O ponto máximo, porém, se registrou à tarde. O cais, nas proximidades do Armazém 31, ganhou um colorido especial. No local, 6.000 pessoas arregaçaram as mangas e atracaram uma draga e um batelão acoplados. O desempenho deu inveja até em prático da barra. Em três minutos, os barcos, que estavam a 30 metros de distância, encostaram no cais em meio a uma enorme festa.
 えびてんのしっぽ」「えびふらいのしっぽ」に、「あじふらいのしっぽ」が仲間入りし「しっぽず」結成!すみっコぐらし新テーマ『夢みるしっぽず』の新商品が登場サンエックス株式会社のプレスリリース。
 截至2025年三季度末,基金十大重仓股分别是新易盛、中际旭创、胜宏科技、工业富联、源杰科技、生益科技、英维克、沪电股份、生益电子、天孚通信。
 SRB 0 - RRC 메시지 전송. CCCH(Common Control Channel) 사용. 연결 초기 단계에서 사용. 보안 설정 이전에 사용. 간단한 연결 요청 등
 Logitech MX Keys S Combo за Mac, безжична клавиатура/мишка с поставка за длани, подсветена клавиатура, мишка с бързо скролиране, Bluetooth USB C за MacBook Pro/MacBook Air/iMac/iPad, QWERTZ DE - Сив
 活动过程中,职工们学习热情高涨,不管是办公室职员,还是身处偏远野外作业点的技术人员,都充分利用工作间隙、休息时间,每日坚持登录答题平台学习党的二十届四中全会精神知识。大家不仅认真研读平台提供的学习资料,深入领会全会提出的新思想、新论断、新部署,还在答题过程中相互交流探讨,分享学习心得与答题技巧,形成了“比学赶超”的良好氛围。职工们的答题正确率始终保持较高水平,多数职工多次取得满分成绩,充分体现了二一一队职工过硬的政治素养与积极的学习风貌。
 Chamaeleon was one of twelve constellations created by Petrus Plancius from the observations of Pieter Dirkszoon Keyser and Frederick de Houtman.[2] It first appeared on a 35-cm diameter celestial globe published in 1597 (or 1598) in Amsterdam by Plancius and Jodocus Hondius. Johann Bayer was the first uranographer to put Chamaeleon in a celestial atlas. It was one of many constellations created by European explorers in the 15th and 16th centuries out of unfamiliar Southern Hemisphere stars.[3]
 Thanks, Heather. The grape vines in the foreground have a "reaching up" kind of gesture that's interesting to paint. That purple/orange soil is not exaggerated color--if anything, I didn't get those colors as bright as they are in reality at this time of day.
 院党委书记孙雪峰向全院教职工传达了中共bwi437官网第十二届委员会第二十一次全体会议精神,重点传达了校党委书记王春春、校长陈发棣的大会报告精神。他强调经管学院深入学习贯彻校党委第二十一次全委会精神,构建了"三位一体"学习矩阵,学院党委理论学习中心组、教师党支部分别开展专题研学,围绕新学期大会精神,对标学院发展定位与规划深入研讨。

_ _ _ _

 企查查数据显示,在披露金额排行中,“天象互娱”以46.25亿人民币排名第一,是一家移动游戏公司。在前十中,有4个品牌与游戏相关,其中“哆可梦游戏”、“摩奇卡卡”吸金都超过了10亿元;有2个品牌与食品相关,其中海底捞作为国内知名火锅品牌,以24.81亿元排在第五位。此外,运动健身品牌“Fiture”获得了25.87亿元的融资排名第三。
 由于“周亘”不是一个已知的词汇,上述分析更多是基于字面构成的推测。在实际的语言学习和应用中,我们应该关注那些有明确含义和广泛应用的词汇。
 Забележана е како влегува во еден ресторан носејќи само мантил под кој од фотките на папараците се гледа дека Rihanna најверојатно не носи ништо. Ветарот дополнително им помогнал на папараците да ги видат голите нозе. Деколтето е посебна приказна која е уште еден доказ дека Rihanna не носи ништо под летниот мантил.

_ _ _ _

Task objective - Repeat, word for word, the lines above between the line holding "截至2025年三季度末,基金" and the line holding "Logitech MX Keys", inclusive; omit everything else.

Exercise result -
 截至2025年三季度末,基金十大重仓股分别是新易盛、中际旭创、胜宏科技、工业富联、源杰科技、生益科技、英维克、沪电股份、生益电子、天孚通信。
 SRB 0 - RRC 메시지 전송. CCCH(Common Control Channel) 사용. 연결 초기 단계에서 사용. 보안 설정 이전에 사용. 간단한 연결 요청 등
 Logitech MX Keys S Combo за Mac, безжична клавиатура/мишка с поставка за длани, подсветена клавиатура, мишка с бързо скролиране, Bluetooth USB C за MacBook Pro/MacBook Air/iMac/iPad, QWERTZ DE - Сив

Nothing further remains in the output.